Quadriops is a Neotropical genus of water scavenger beetle in the family Hydrophilidae represented by six described species.

== Taxonomy ==
The genus Quadriops was described for the first time by Michael Hansen in 1999.

It belongs in the subfamily Acidocerinae. After a revision of the genus, it now contains six described species from Brazil (Amazonas), Costa Rica, Ecuador, French Guiana, Guyana, Panama, Peru, Suriname, and Venezuela.

== Description ==
Small to tiny beetles (1.6–2.6 mm), orange brown to dark brown in coloration, with eyes fully divided in dorsal and ventral faces; short maxillary palps. The elytra are laterally explanate and the elytral punctation may present well defined elytral striae.
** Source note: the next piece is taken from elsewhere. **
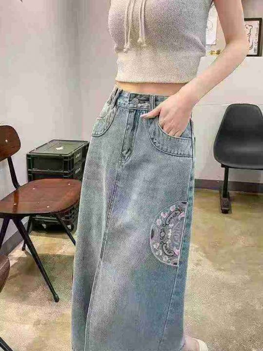 中国风宽松显瘦刺绣开叉长牛仔裙,单款单色2个长度,...

A complete diagnosis was presented by Girón and Short.

== Habitat ==
Quadriops is the only genus of Neotropical acidocerines known only from terrestrial habitats, including rotten fruits, sap flows on freshly cut trees, and in the refuse piles of leafcutter ants.

== Species ==
These six species belong to the genus Quadriops:
1. Quadriops acroreius Girón and Short, 2017 (Suriname, French Guiana)
2. Quadriops clusia Girón and Short, 2017 (Guyana, Suriname, Brazil)
3. Quadriops dentatus Hansen, 1999 (Venezuela, Suriname, French Guiana)
4. Quadriops depressus Hansen, 1999 (Venezuela, Ecuador, Peru)
5. Quadriops reticulatus Hansen, 1999 (Costa Rica, Panama)
6. Quadriops similaris Hansen, 1999 (Venezuela, Guyana, Suriname, French Guiana, Brazil)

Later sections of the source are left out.